# Adopting Scout -DVGRR



## goldencontriever3 (Nov 7, 2008)

Oh I hope Scout finds his furever home soon. We met him last December and he is a great pup!! He reminds me so much of our Sophia.


----------



## Rob's GRs (Feb 25, 2007)

I too hope Scout can finally find soon the home best suited for him. I see they have many other great looking Goldens in need of homes too.


----------



## Karen519 (Aug 21, 2006)

*Scout*

Scout sure is adorable!

Here are two very cute pics of him!!
It's obvious he loves children!!

Here is what was written about him:
Adopting Scout -DVGRR 

--------------------------------------------------------------------------------

I thought I would pass along information about a very cute and adorable boy named Scout. He has been at DVGRR for 10 months and they would really love to see him find his forever home. The only little hiccup is he does not like other dogs. I've walked him a few times and he was very sweet on our walk and such a fluffy fella. So, I thought I would share their post here to see if anyone knows anybody looking for an only dog.
Scout is currently a record holder at DVGRR! He's currently holding the record for the longest stay amongst the current dogs. He's been with us for 10 months! Help us find Scout...aka Scooter...aka Scout Master...aka OHMYGODHE'SSOFUZZY his fur-ever home.
http://api.viglink.com/api/click?fo...l | Facebook&jsonp=vglnk_jsonp_13167791473881

http://api.viglink.com/api/click?fo...A | Facebook&jsonp=vglnk_jsonp_13167791745962


----------



## FinnTastic (Apr 20, 2009)

bumping up for Scout


----------



## Bob Dylan (Mar 31, 2009)

I hope Scout get the perfect home, every dog/pet deserves the best.
Hugs Scout!!


----------



## Muddypaws (Apr 20, 2009)

Scout is breaking my heart, such a sweet boy. If only he got along with other dogs.... For anyone with young kids that want just one dog - Scout would be perfect. 

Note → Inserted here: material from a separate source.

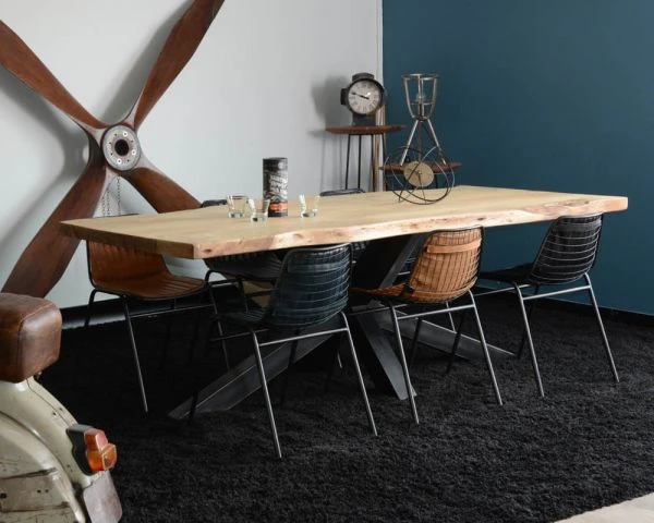 Avec son piétement en métal noir de style mikado, votre grande table de cuisine s’enjolive de finitions originales et tendances. Les jambes de vos 8 à 10 invités ne seront aucunement bloquées par ces pieds croisés si magistraux. Installée au milieu d’un épais tapis lin ou de couleur, votre table s’harmonisera habilement à votre décoration. Vos serviettes et votre vaisselle seront disposées sur un véritable écrin et vos repas entre amis ou en famille seront juste merveilleux.
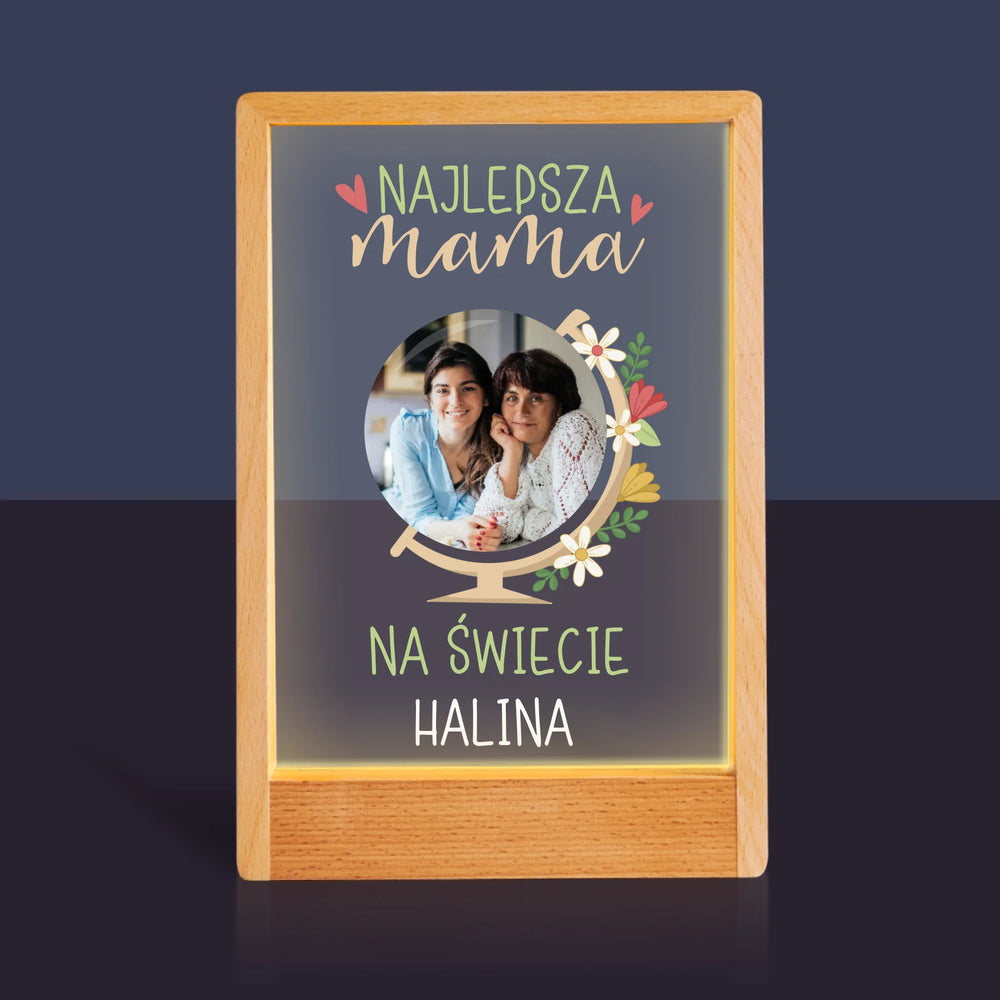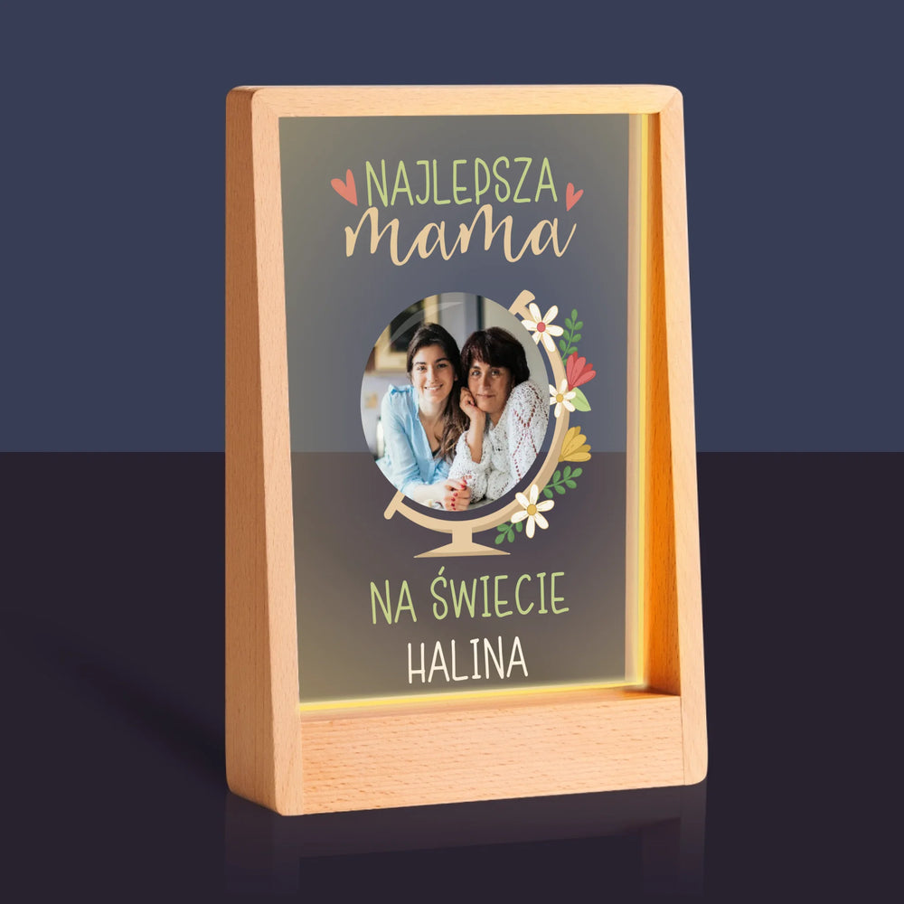 Zdjęcie i Podpis: Najlepsza Mama Świat - Wydruk na szkle akrylowym w ramce LED

We just got to find this fella a home!!


----------



## Karen519 (Aug 21, 2006)

*Scout*

Muddypaws-you are so right!


----------



## FinnTastic (Apr 20, 2009)

bumping for scout


----------



## Muddypaws (Apr 20, 2009)

Thank you!!


----------



## Muddypaws (Apr 20, 2009)

Met Scout today at the meet & greet. He is a sweet guy and not at dog reactive as first thought. He was among the other dogs and quite calm. He may not be able to live with another dog but he is fine around them. He is a gorgeous dog.


----------



## Karen519 (Aug 21, 2006)

*Scout*

Hoping there is a home out there where Scout would be an only pet. He is truly gorgeous and it seems he is SO LOVING!!

http://www.facebook.com/DVGRR#!/pages/Adopting-Scout/283624321648083


----------



## Florabora22 (Nov 30, 2008)

He's so cute!

Might I add, I don't know if you're advertising this "record setting" situation, but if you are, that might turn people off. If I saw a dog referred to as being a record setter for being in the rescue the longest of any dog I would immediately think "Well there must be a good reason for that!" and I might be more inclined to look at different dogs.

I am so so so not criticizing you and maybe people don't think the way I do (hah, I know most people don't, I'm a nut), but it's just a thought.

Best of luck finding a home for him, he seems like a sweetheart! I love the pics of him with the kids.


----------



## Karen519 (Aug 21, 2006)

*Adopting Scout*

Me, too, I am not criticizing, but I think more info needs to be given in his bio about why SCOUT shouldn't be living with other dogs. I think this is what might be scaring people off.


----------



## Muddypaws (Apr 20, 2009)

He was in a field with the other dogs and he seemed fine, was not reactive at all. I guess he just wouldn't be good sharing a home with another dog or cat. There were a lot of people at the M&G Saturday and I think they all had a dog or two at home and I think that is the primary reason he is taking longer to place. Face it, most of us Golden people have more then one dog or are looking for a second.... 

Honestly, he is a sweetie, so soft and those eyes!!!!


----------



## Karen519 (Aug 21, 2006)

*Muddypaws*

Muddypaws

I emld. Sarah and Fay and said that if they could explain more in his bio why he can't live in a home with another dog it might help him find a home. I think Scout is just gorgeous and cuddly and so loving from what I've read about him.
I am praying someone out there adopts him!!


----------



## Muddypaws (Apr 20, 2009)

*Scout has found a home!!!*

I have GREAT news, Scout went home today, there is an announcement on FB and and video of him leaving. Warning - it will bring tears to your eyes but Scouty Pants has found his family and there is nothing better then that.

Congratulations to Scout and his new family. I am so happy for him!!

arty:arty::jamming::jamming:arty:arty:arty:


----------



## CAROLINA MOM (May 12, 2009)

Muddypaws said:


> I have GREAT news, Scout went home today, there is an announcement on FB and and video of him leaving. Warning - it will bring tears to your eyes but Scouty Pants has found his family and there is nothing better then that.
> 
> Congratulations to Scout and his new family. I am so happy for him!!
> 
> arty:arty::jamming::jamming:arty:arty:arty:


Fantastic, love these happy endings, so great Scout has found his family.


----------



## Karen519 (Aug 21, 2006)

*Scout*

I was so worried that Scout wasn't finding a home!

You MADE ME SO HAPPY!!!

Have a beautiful life Scout!!


----------



## GoldenMum (Mar 15, 2010)

Welcome HOME SCOUT!


----------